Dataset content START

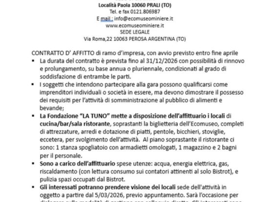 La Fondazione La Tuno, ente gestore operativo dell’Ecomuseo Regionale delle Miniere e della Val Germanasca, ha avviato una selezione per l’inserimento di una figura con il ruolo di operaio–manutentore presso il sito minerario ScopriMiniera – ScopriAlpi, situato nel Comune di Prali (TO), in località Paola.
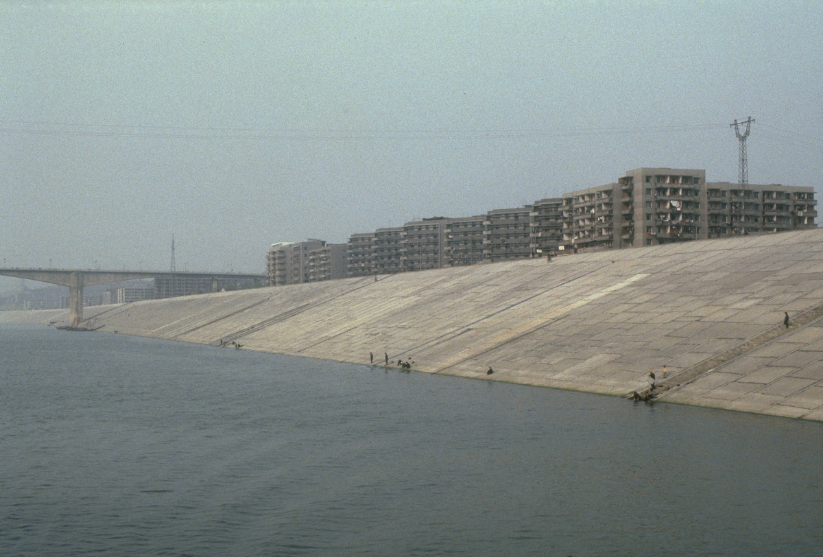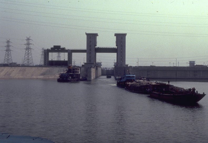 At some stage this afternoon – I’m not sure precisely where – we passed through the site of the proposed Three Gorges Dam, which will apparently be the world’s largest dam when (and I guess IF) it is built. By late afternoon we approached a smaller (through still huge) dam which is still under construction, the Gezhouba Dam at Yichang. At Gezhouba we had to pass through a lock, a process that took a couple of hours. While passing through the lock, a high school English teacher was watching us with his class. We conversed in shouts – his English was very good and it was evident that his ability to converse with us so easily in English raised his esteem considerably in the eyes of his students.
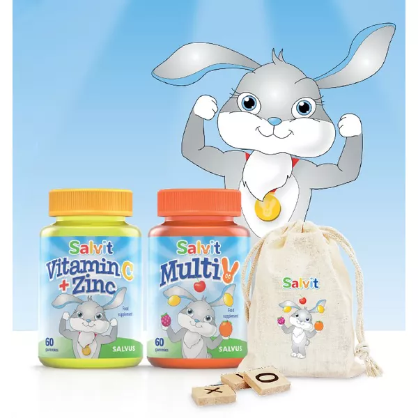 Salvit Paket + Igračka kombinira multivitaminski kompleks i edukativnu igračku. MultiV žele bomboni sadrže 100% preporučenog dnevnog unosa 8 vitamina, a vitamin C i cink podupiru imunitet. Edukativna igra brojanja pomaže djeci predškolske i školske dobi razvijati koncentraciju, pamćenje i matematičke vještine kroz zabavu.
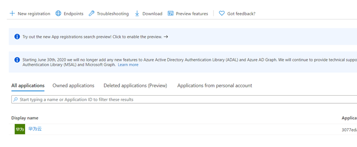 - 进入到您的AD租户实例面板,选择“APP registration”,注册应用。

Dataset content END

▸ Work request
Everything in the listing above must be retyped exactly, except for the pictures.

▸ Solution to this problem
 La Fondazione La Tuno, ente gestore operativo dell’Ecomuseo Regionale delle Miniere e della Val Germanasca, ha avviato una selezione per l’inserimento di una figura con il ruolo di operaio–manutentore presso il sito minerario ScopriMiniera – ScopriAlpi, situato nel Comune di Prali (TO), in località Paola.
 At some stage this afternoon – I’m not sure precisely where – we passed through the site of the proposed Three Gorges Dam, which will apparently be the world’s largest dam when (and I guess IF) it is built. By late afternoon we approached a smaller (through still huge) dam which is still under construction, the Gezhouba Dam at Yichang. At Gezhouba we had to pass through a lock, a process that took a couple of hours. While passing through the lock, a high school English teacher was watching us with his class. We conversed in shouts – his English was very good and it was evident that his ability to converse with us so easily in English raised his esteem considerably in the eyes of his students.
 Salvit Paket + Igračka kombinira multivitaminski kompleks i edukativnu igračku. MultiV žele bomboni sadrže 100% preporučenog dnevnog unosa 8 vitamina, a vitamin C i cink podupiru imunitet. Edukativna igra brojanja pomaže djeci predškolske i školske dobi razvijati koncentraciju, pamćenje i matematičke vještine kroz zabavu.
 - 进入到您的AD租户实例面板,选择“APP registration”,注册应用。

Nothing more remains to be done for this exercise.